EXERCISE DETAILS: Begin at the line below that has "Газонокосилка бензиновая самоходная". Stop after the line that has "Unique, stately property", repeating each line exactly and leaving out the pictures.

EXTRACTED MATERIAL:
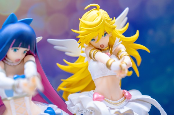 整体还行。但POP还是那个POP。没事别买,买了也别期待。 做工是一如既往的烂,漆面巨脏,莫名其妙的凹痕,飞边,漆面橘皮,又是一款P了我半天的东西。stocking肚子那块的透明感做的像层油纸。虽然知道pop是个什么样子,但是实际拿到手还是会被震惊到。买的降低预期吧,毕竟是POP。不知道哪个神人想着把这么好的造型塞进POP的 (PS:照片已经P掉很多瑕疵了) 另外这个造型还原的是TV第一季第13集大概20分钟左右的那一卡。stocking把袜子脱了,所以没有袜子
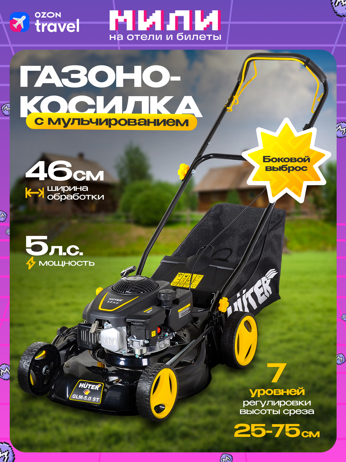Газонокосилка бензиновая самоходная 5л.с. Huter - тканевый травосборник 60л; шир. срез 460мм; мульчирование; высота 25-75 мм - GLM-5,0ST
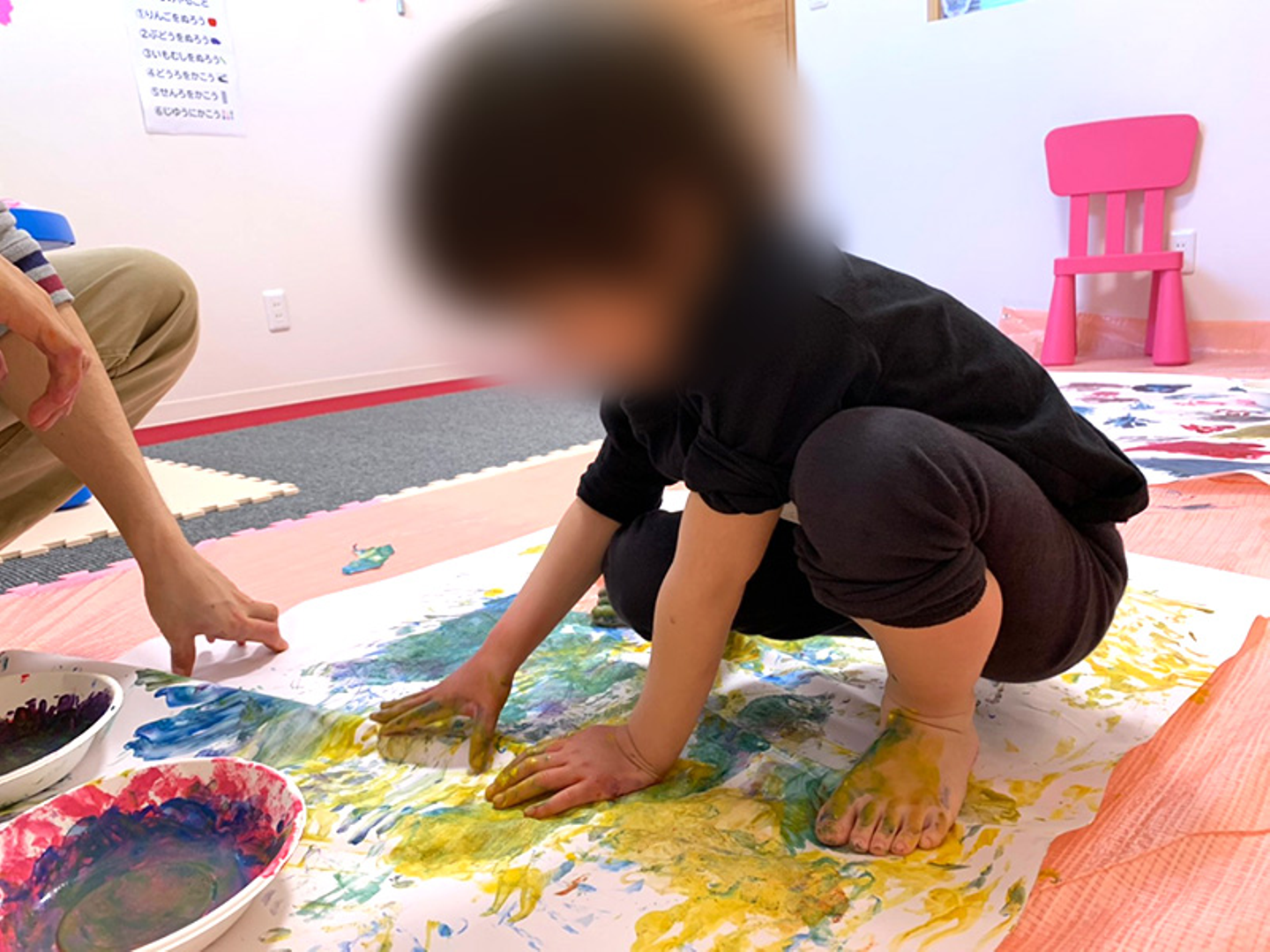 フィンガーペイントでは絵の具の匂いや、冷たさ、柔らかさ、色の変化など、五感を使ってたくさんのことを楽しむことができます。
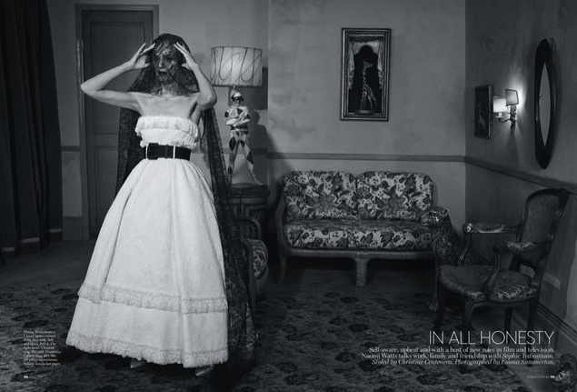 Страницы глянца 48-летняя Наоми Уоттс украсила в нарядах от Chanel, Armani Prive, Giambattista Valli, Givenchy и Jean Colonna, пишет Fashion Gone Rogue. Автором съемки выступила фешн-фотограф Эмма Саммертон. За стиль актрисы отвечала Кристин Сентенера.
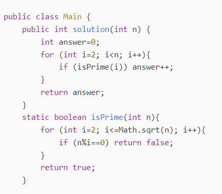 isPrime으로 각 소수를 찾는다( i=2일때부터 root n까지 탐색)하고 n%i == 0이면 false를 반환한다.
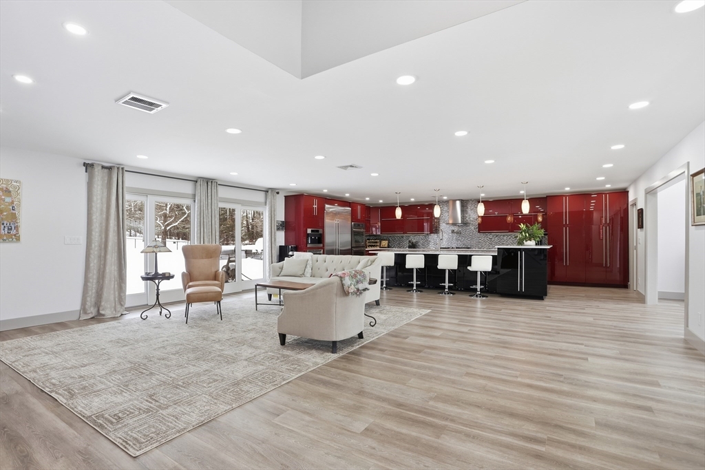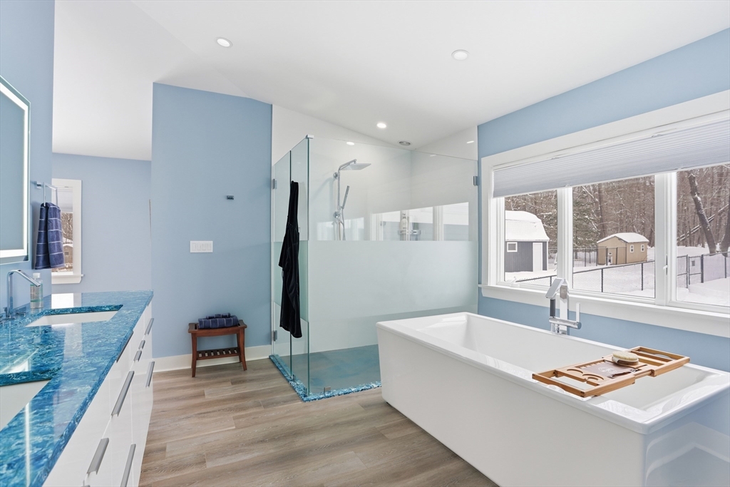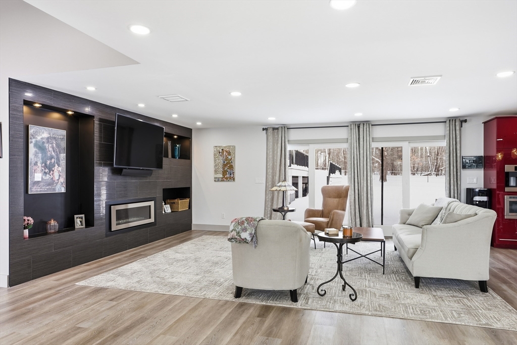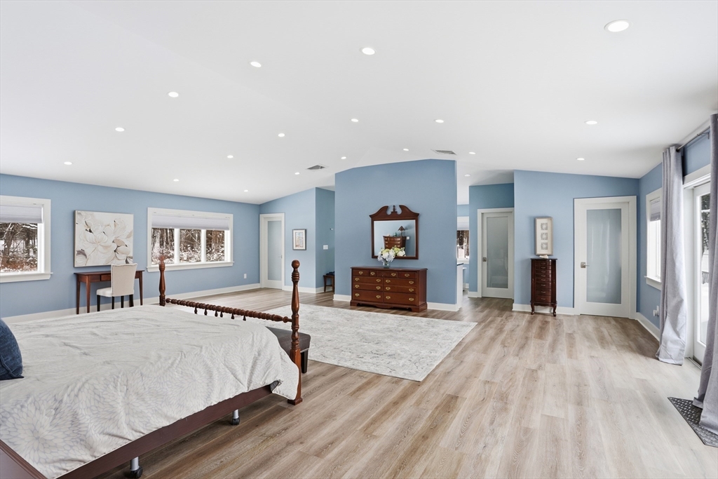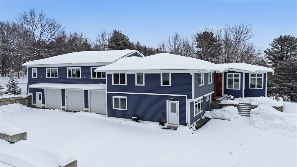 Unique, stately property in "like new" condition! Gut renovated just 5 years ago and added onto, and improved! So many bells and whistles, including Solar Panels! Sitting well off the street, on over 3 open acres. Level fenced in back yard, wrap around deck with a pool/spa. Large reconditioned shed, lots of room for gardening, inground pool, or even an ADU! An amazing open kitchen/living room combo with an elegant new dining room addition, with walls of glass! Top level, there are 4 nicely sized bedrooms, all with their own baths! The spectacular primary suite has cathedral ceilings, and is an enormous space, that could even be made into an in-law! Radiant floor heating throughout the top two levels! Lower levels, have wonderful additional rooms. Large family/play room, a nice sitting area with fireplace. Large private office with exterior access, a 5th bedroom and a 3-car heated garage with tons of extra storage. Top rated Groton/Dunstable Schools! Need to see to believe!
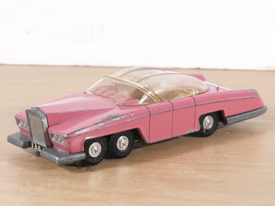 Lady Penelope’s FAB 1 Rolls Royce from Dinky Toys wraps British luxury and spy drama into one pink plastic and diecast package. Based on the stylish car from a puppet action show, the model includes clear fins, rockets under the front, and figures seated inside. Children loved firing the front rockets and rolling the car across carpets, which means play wear is very common. Dinky produced FAB 1 for several years, and there are variations in wheel type, shade of pink, and packaging artwork that collectors compare.
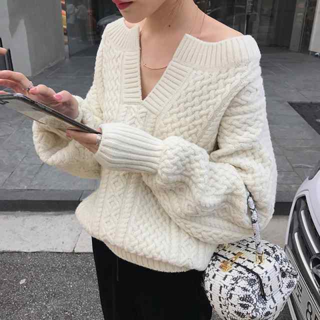 ニット レディース トップス 長袖 セーター トップス ニットセーター ゆったり ゆるニット 大きいサイズ おしゃれ 綿 Vネック シンプル カジュアル ナチュラル キレイめ 上品 ガーリー 体型カバー ケーブルニット おすすめ 新作 ビジネス
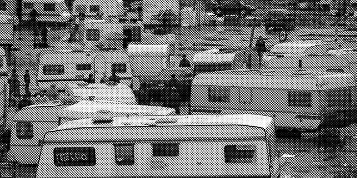A l’occasion de son exposition personnelle, Héctor Zamora investit la grande salle du Frac en y installant 17 caravanes, autant qu’il était possible d’en mettre tout en respectant les normes de sécurité.
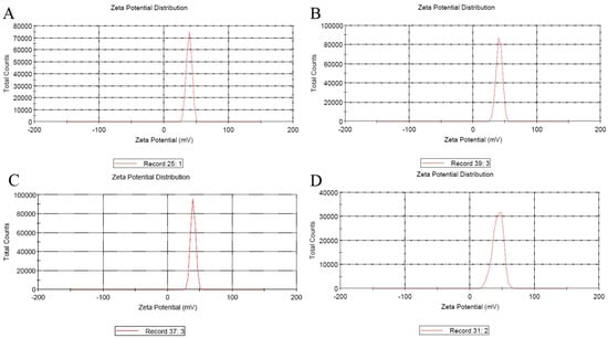 The map of entrapped VTPIL-7 nanoparticles Zeta Potential (mV). (A) VTPIL-7-CS; (B) VTPIL-7-PEI; (C) VTPIL-7-CS-PEG-Lac; (D) VTPIL-7-CS-PEI-PEG.

EXERCISE RESPONSE:
Газонокосилка бензиновая самоходная 5л.с. Huter - тканевый травосборник 60л; шир. срез 460мм; мульчирование; высота 25-75 мм - GLM-5,0ST
 フィンガーペイントでは絵の具の匂いや、冷たさ、柔らかさ、色の変化など、五感を使ってたくさんのことを楽しむことができます。
 Страницы глянца 48-летняя Наоми Уоттс украсила в нарядах от Chanel, Armani Prive, Giambattista Valli, Givenchy и Jean Colonna, пишет Fashion Gone Rogue. Автором съемки выступила фешн-фотограф Эмма Саммертон. За стиль актрисы отвечала Кристин Сентенера.
 isPrime으로 각 소수를 찾는다( i=2일때부터 root n까지 탐색)하고 n%i == 0이면 false를 반환한다.
 Unique, stately property in "like new" condition! Gut renovated just 5 years ago and added onto, and improved! So many bells and whistles, including Solar Panels! Sitting well off the street, on over 3 open acres. Level fenced in back yard, wrap around deck with a pool/spa. Large reconditioned shed, lots of room for gardening, inground pool, or even an ADU! An amazing open kitchen/living room combo with an elegant new dining room addition, with walls of glass! Top level, there are 4 nicely sized bedrooms, all with their own baths! The spectacular primary suite has cathedral ceilings, and is an enormous space, that could even be made into an in-law! Radiant floor heating throughout the top two levels! Lower levels, have wonderful additional rooms. Large family/play room, a nice sitting area with fireplace. Large private office with exterior access, a 5th bedroom and a 3-car heated garage with tons of extra storage. Top rated Groton/Dunstable Schools! Need to see to believe!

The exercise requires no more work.